Não há dúvida, portanto, que a criação do Estado foi uma conquista histórica da humanidade. Que deu razão ao grego Aristóteles, filósofo que a defendia.
Mas o Estado não é uma pessoa natural. Ele é uma pessoa jurídica, vale dizer, uma ficção concebida para que uma nação se libertasse do poder pessoal de seus governantes. Que se subordinariam, igualmente, à lei comum. E igualmente seriam julgados, como seus governados, pelos atos ou omissões que a infringissem.
Moisés, ao perceber que os hebreus que ele havia libertado da escravidão se rebelavam contra ele, subiu o monte Sinai e de lá trouxe duas tábuas com os dez mandamentos invocando Jeová como seu legislador. Pois é claro que se sentia descredenciado como líder daquela gente que se exasperava no deserto a caminho da Terra Prometida. (O maravilhoso é que aqueles dez preceitos não foram insculpidos para acudir àquela situação dramática de um líder angustiado, mas como paradigmas para o ser humano. O que confirma sua inspiração divina.)

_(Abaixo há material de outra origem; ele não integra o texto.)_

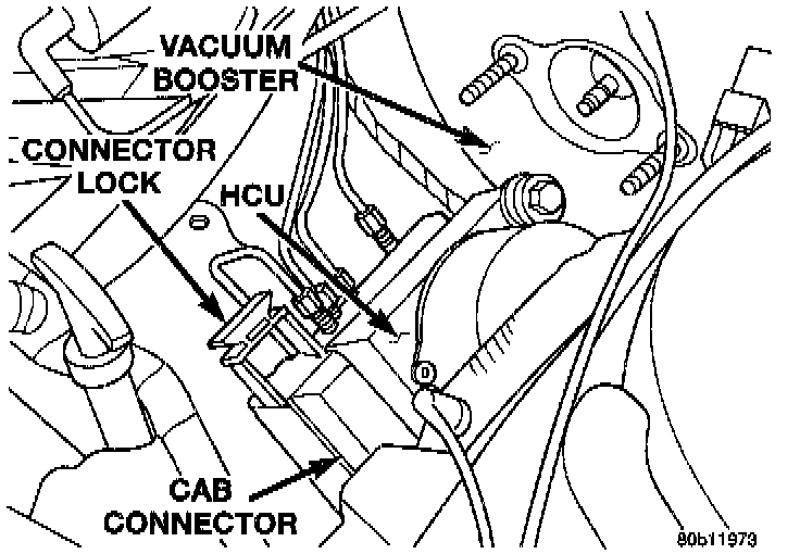 CAUTION: Do not apply a 12 volt power source to any terminals of the 25 HCU connector when disconnected from the Controller Antilock Brake (CAB).

Não é o caso do Estado. Este é um produto histórico, mas do intelecto. Da razão, da qual é sempre prudente nós duvidarmos. (Segundo o poeta Trilussa: "Os racionalistas ensinam que nós devemos duvidar de tudo. Então eu comecei por duvidar da razão".)
O que dizer do Estado, essa figura jurídica que nada tem de mistério, de divina? Mas que é um produto histórico do nosso intelecto?
Direi que sua autoridade, não sendo inefável, sempre estará submetida à crítica que dele fazemos quanto a suas leis, sua execução e o julgamento que delas faz afronta os princípios que Deus, que nos criou à sua imagem e semelhança, inscreveu em cada um de nós: a ética.
Precisamos colocar o Estado em seu devido lugar. Claro que ele não é religioso. Assim como não é gremista, não torce pelo Internacional, não gosta de chuva nem gosta de sol. Nunca foi à missa nem mandou oferenda a Iemanjá numa praia baiana ou carioca. O homem que o criou não foi capaz de soprar nenhum espírito em suas narinas. (Só os marxistas lhe atribuem uma vida própria. E o transformaram num Frankenstein.)
Quem existe, em carne, osso e alma é a nação. Que o Estado precisa refletir por aqueles que legislam, executam suas leis e julgam segundo seus preceitos que normatizam a vida em sociedade. E faça tudo isso segundo critérios isonômicos.
E o nome disso é democracia.
Mas o que vemos é que o Estado nunca refletiu a nação brasileira. Que vive uma crise cíclica, interminável, em intervalos tão curtos que nem esperam o fim de uma geração para se repetirem, cada vez mais intensamente.
Como é que o Estado sempre se preserva dessas intempéries da política?
Ele se preserva por seus agentes porque nós somos muitíssimo emotivos e muito pouco racionais. Como se diz que é próprio dos latinos.
Por exemplo: Eduardo Cunha renunciou ao mandado de presidente da Câmara dos Deputados. E o fez em grande estilo, com a leitura de um simulacro de carta-testamento em que denuncia seus perseguidores políticos, mantendo o privilégio de manter o foro privilegiado para entrar na História, segundo a promessa que lhe fizeram os atuais ocupantes do poder. O impeachment de Dilma seria um protagonismo dele. Não é bonito demais?
E justificou sua renúncia com o bem que ela faria ao Brasil, já que a Câmara dos Deputados estaria "acéfala". Bonito é pouco, isso é lindo demais!
Mas é, também, sintomático de que o governo interino está fazendo o que o governo suspenso tentou fazer, mas não foi capaz de providenciar. Por absoluta ingovernabilidade: preservar o poder. O que é muito diferente, e frequentemente contraditório com manter-se, indefinidamente, no poder. Como quis o PT.
O Estado se preserva. E é necessário que assim o faça. Mesmo que à custa de certo sacrifício de nossas expectativas. Ilegítimo, inaceitável é o Estado governado pr quem não se espelhe numa nação.
Como foi o Estado que até há pouco tempo o PT dele se apropriou para nos extinguir como nação.